I mediatori dovevano essere presenti in mostra tutti i giorni dalle 4 alle 8 ore, a seconda dei turni da loro stessi indicati, in gruppi di tre o quattro persone, in questo modo la sede non era mai scoperta. Abbiamo lasciato a loro il compito di gestire internamente le sostituzioni e le pause, io mi limitavo a recepire le richieste e a organizzare le giornate.
In questo lasso di tempo avevano il compito di spostarsi all’interno delle sale in attesa che il visitatore li avvicinasse e chiedesse loro delucidazioni. Dovevano riuscire a instaurare un rapporto col pubblico tale da far scattare il meccanismo della comunicazione. Si trattava di veicolare il principio che ogni opera d’arte, anche sconosciuta o proveniente da una realtà remota, se correttamente interrogata, risponde. Per fare questo il Mediatore Culturale non può affidarsi solo ai contenuti di una lezione imparata a memoria: il pubblico è vario e pone domande imprevedibili. Oltre alla preparazione di base i ragazzi hanno dovuto ricorrere a competenze molto
diverse, dalla geografia alla storia, dall’iconografia alla sociologia e finanche alla psicologia.
Stavamo insegnando, prima di tutto, ai nostri studenti a trasformare il “vedere” in “guardare”21, metamorfosi che si può ottenere solo attraverso il contatto continuo e diretto con le opere. I primi a mettersi in gioco sono stati quindi proprio i mediatori stessi: ricominciare a guardare, questa è la vera necessità. Solo in un secondo momento si possono cercare le relazioni con gli oggetti vicini e lontani, con lo spazio, con la storia e quant’altro22.

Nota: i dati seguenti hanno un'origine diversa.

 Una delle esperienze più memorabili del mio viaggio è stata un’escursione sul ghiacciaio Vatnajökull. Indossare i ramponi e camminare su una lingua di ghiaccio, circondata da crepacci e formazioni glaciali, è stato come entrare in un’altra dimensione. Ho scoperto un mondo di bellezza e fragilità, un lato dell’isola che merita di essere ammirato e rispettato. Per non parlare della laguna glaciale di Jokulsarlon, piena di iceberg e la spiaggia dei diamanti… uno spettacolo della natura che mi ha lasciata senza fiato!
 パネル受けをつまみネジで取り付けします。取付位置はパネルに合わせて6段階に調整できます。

A posteriori possiamo affermare che è stato proprio questo atteggiamento fuori dal comune ad aver inizialmente disorientato il pubblico che, generalmente, non capiva chi fossero o quale ruolo rivestissero quei ragazzi disseminati per le sale.
I mediatori giravano e interagivano solo se interrogati, ma non accompagnavano, spesso davano risposte non completamente esaustive e non impartivano lezioni.